| What is required |
Print again, word for word, all of the records below, and leave the pictures out.

| The data |
· · ·
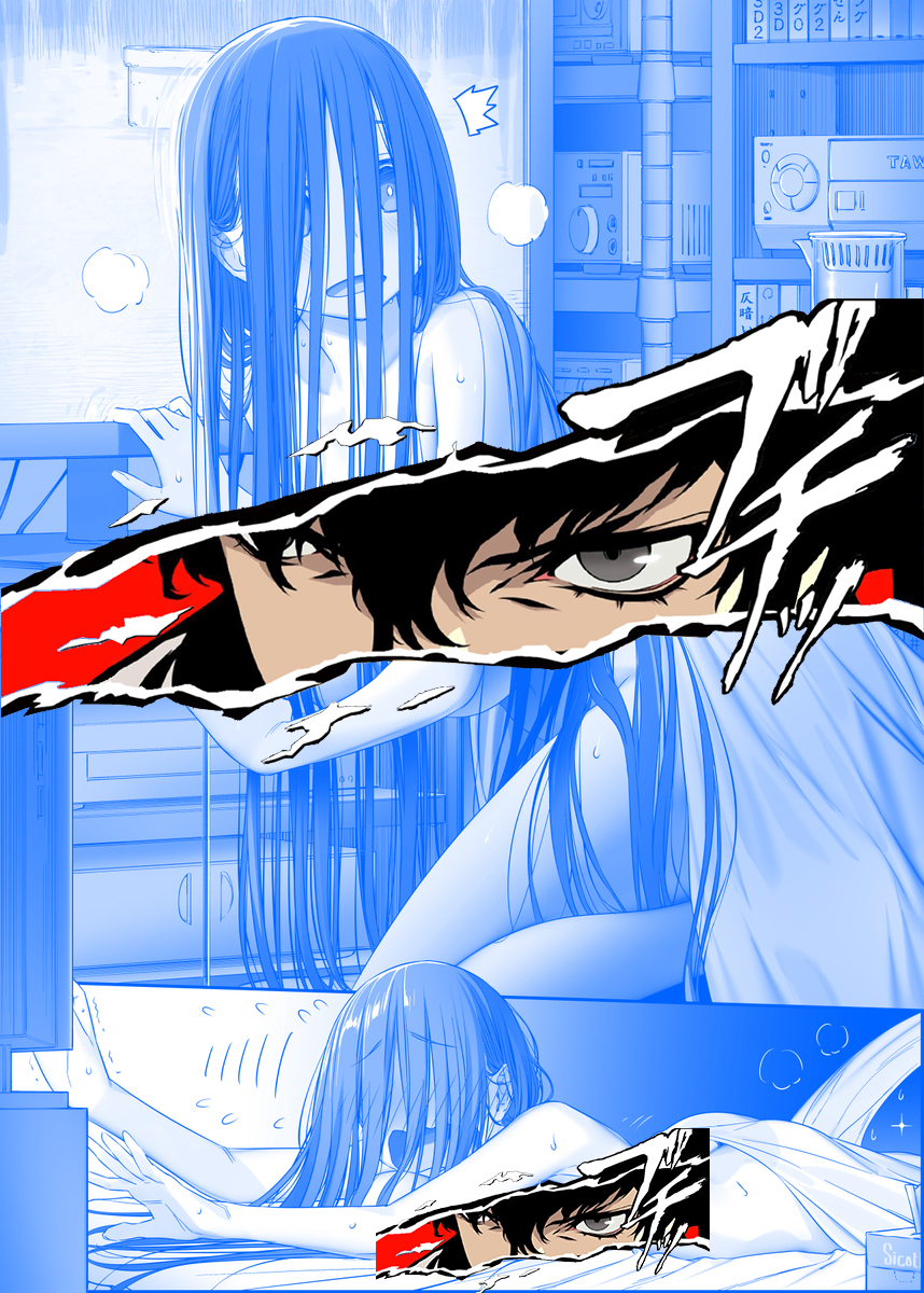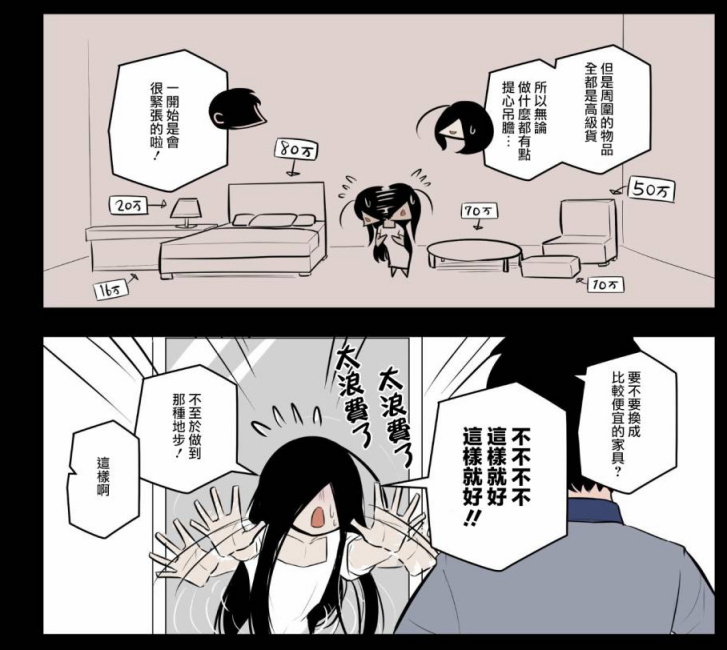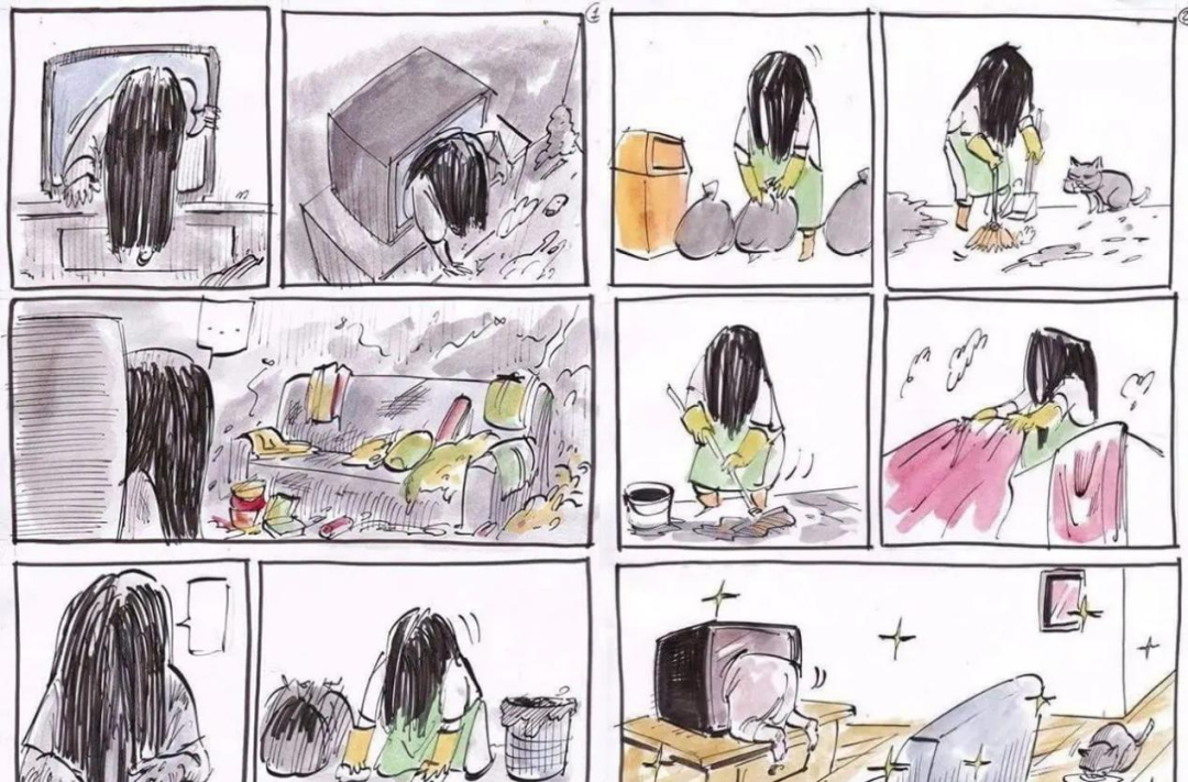 还有的作品,加入了贞子的个人情感,为漫画赋予了一个具体的故事场景,完成了一次小小的叙事。原本准备咒杀可恶的人类的贞子,穿过屏幕后却来到了一个无人的杂乱房间,这个房间脏乱差到连女鬼都看不下去,于是贞子挽起袖子将房间打扫得一尘不染,可谓如女仆一般贴心。
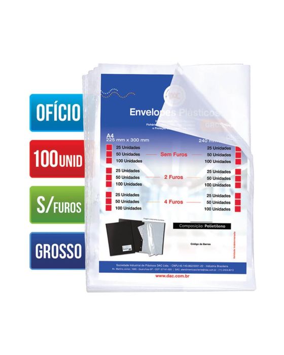 Envelope Plastico Oficio Grosso S/ Furo 15 Micras C/100 Ref 5075 Dac
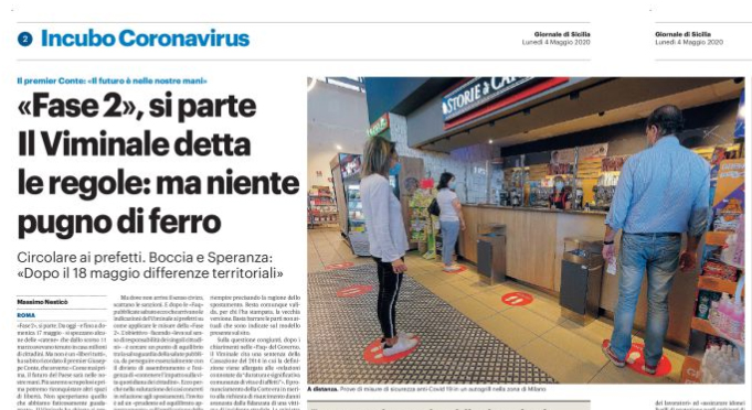 L’edizione odierna del “Giornale di Sicilia” si sofferma sull’inizio della Fase 2. Il Viminale ha chiesto ai prefetti un’applicazione «prudente ed equilibrata» delle misure: l’obiettivo primario è tutelare la salute, allentando però l’impatto delle prescrizioni sulla vita quotidiana. Si punta a colpire gli assembramenti di persone. Occhi puntati sul comportamento degli italiani e sulla curva dei contagi nelle prossime due settimane. «Sicuramente – osserva Speranza – il primo passaggio è quello del 18 maggio. Poi ci saranno altre scadenze, però noi vogliamo accelerare il più possibile ed il metodo di monitoraggio che abbiamo costruito sulle regioni ci consentirà anche di differenziare perché io credo che a un certo punto sia giusto immaginare di aprire di più i territori che sono più pronti e di avere più cautela in territori meno pronti». «Dopo il 18 o nella settimana successiva ci saranno differenze territoriali, ogni regione potrà fare alcune cose in funzione della sicurezza che ha costruito» conferma il ministro per gli Affari regionali, Francesco Boccia.
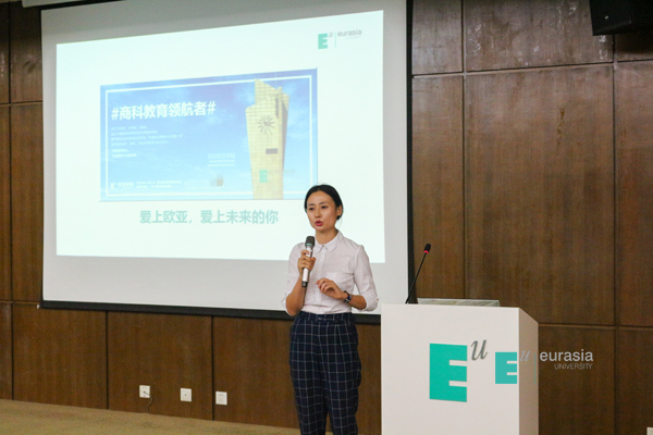 本次活动还邀请到了14级国际班的李怡帆同学,她目前属于放假期间,特地前来欧亚和同学们分享自己在英国这一年的学习和生活经验,希望对同学们有一定的帮助。首先来到异国他乡一定会有不习惯的地方,但是好在卡迪夫的国际办公室老师们都非常的热情,很乐意去帮助大家解决各种各样的问题。同时学校的师资条件和硬件设施都是非常出色的,为国际学生提供了更好的学习条件。并且国外的上课模式非常丰富,经常组织学生开展课外活动从而锻炼团队合作能力。除此之外,英国的交通也是非常便利,在课余时间可以去其他城市游玩也是非常方便的。需要强调的一点是英国的食物可能有些不尽人意,所以在国内的这几年大家一定要提升自己的厨艺,出国后自己下厨还是比较实惠并且比较满足自己的口味。在最后,李怡帆学姐非常感谢欧亚提供了这样一个机会,让她能有一个出国留学的机会,并且在这四年来,自己也是收获颇多,已经有了和同龄人不一样的见识。同时她希望有更多的同学加入国际班这个大家庭,感受国际化,让自己的生活有着更多的机遇和不一样的发展。
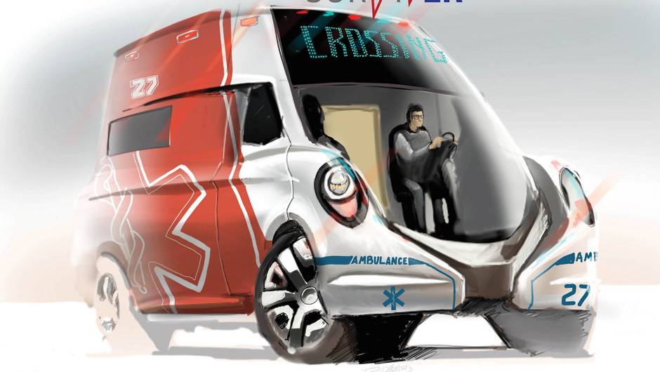 The SurvivER is a prototype of a new generation of ambulance that would be quieter, smoother to ride, and easier to work in, compared with existing models.
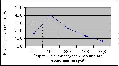 С вероятностью 0,954 ошибка выборки средней суммы затрат на производство и реализацию продукции составит 3,3661 млн. руб. Средние затраты на производство и реализацию продукции в генеральной совокупности находятся в интервале от 30,7439 млн. руб. до 37,4761 млн. руб.
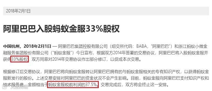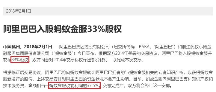 根据2014年8月阿里巴巴在招股书当中披露的协议,蚂蚁金服每年需向阿里巴巴支付知识产权及技术服务费,金额相当于蚂蚁金服税前利润的37.5%。
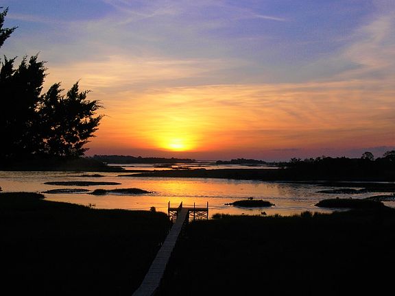 Stunning sunrises greet you daily from this spectacular custom-built home! A newly redone dock is your entry to world class fishing or award winning kayaking. Birders take note, this location cannot be beat to view ospreys, eagles, white pelicans, & roseate spoonbills. Perfect craft room & dark room downstairs. Parking for several vehicles, boats, even RVs. Inside you'll find incredible wood floors, upgraded kitchen featuring SS appliances w/ brand new gas range & luxury vinyl plank flooring that you'll swear is tile, comfortable den, butler's pantry, and a wood burning stove for cool nights! Storage galore throughout. Double offices, large dining room and wall of windows to take advantage of the outstanding view. Welcome to Boogie Ridge!
· · ·
| Output for this exercise |
 还有的作品,加入了贞子的个人情感,为漫画赋予了一个具体的故事场景,完成了一次小小的叙事。原本准备咒杀可恶的人类的贞子,穿过屏幕后却来到了一个无人的杂乱房间,这个房间脏乱差到连女鬼都看不下去,于是贞子挽起袖子将房间打扫得一尘不染,可谓如女仆一般贴心。
 Envelope Plastico Oficio Grosso S/ Furo 15 Micras C/100 Ref 5075 Dac
 L’edizione odierna del “Giornale di Sicilia” si sofferma sull’inizio della Fase 2. Il Viminale ha chiesto ai prefetti un’applicazione «prudente ed equilibrata» delle misure: l’obiettivo primario è tutelare la salute, allentando però l’impatto delle prescrizioni sulla vita quotidiana. Si punta a colpire gli assembramenti di persone. Occhi puntati sul comportamento degli italiani e sulla curva dei contagi nelle prossime due settimane. «Sicuramente – osserva Speranza – il primo passaggio è quello del 18 maggio. Poi ci saranno altre scadenze, però noi vogliamo accelerare il più possibile ed il metodo di monitoraggio che abbiamo costruito sulle regioni ci consentirà anche di differenziare perché io credo che a un certo punto sia giusto immaginare di aprire di più i territori che sono più pronti e di avere più cautela in territori meno pronti». «Dopo il 18 o nella settimana successiva ci saranno differenze territoriali, ogni regione potrà fare alcune cose in funzione della sicurezza che ha costruito» conferma il ministro per gli Affari regionali, Francesco Boccia.
 本次活动还邀请到了14级国际班的李怡帆同学,她目前属于放假期间,特地前来欧亚和同学们分享自己在英国这一年的学习和生活经验,希望对同学们有一定的帮助。首先来到异国他乡一定会有不习惯的地方,但是好在卡迪夫的国际办公室老师们都非常的热情,很乐意去帮助大家解决各种各样的问题。同时学校的师资条件和硬件设施都是非常出色的,为国际学生提供了更好的学习条件。并且国外的上课模式非常丰富,经常组织学生开展课外活动从而锻炼团队合作能力。除此之外,英国的交通也是非常便利,在课余时间可以去其他城市游玩也是非常方便的。需要强调的一点是英国的食物可能有些不尽人意,所以在国内的这几年大家一定要提升自己的厨艺,出国后自己下厨还是比较实惠并且比较满足自己的口味。在最后,李怡帆学姐非常感谢欧亚提供了这样一个机会,让她能有一个出国留学的机会,并且在这四年来,自己也是收获颇多,已经有了和同龄人不一样的见识。同时她希望有更多的同学加入国际班这个大家庭,感受国际化,让自己的生活有着更多的机遇和不一样的发展。
 The SurvivER is a prototype of a new generation of ambulance that would be quieter, smoother to ride, and easier to work in, compared with existing models.
 С вероятностью 0,954 ошибка выборки средней суммы затрат на производство и реализацию продукции составит 3,3661 млн. руб. Средние затраты на производство и реализацию продукции в генеральной совокупности находятся в интервале от 30,7439 млн. руб. до 37,4761 млн. руб.
 根据2014年8月阿里巴巴在招股书当中披露的协议,蚂蚁金服每年需向阿里巴巴支付知识产权及技术服务费,金额相当于蚂蚁金服税前利润的37.5%。
 Stunning sunrises greet you daily from this spectacular custom-built home! A newly redone dock is your entry to world class fishing or award winning kayaking. Birders take note, this location cannot be beat to view ospreys, eagles, white pelicans, & roseate spoonbills. Perfect craft room & dark room downstairs. Parking for several vehicles, boats, even RVs. Inside you'll find incredible wood floors, upgraded kitchen featuring SS appliances w/ brand new gas range & luxury vinyl plank flooring that you'll swear is tile, comfortable den, butler's pantry, and a wood burning stove for cool nights! Storage galore throughout. Double offices, large dining room and wall of windows to take advantage of the outstanding view. Welcome to Boogie Ridge!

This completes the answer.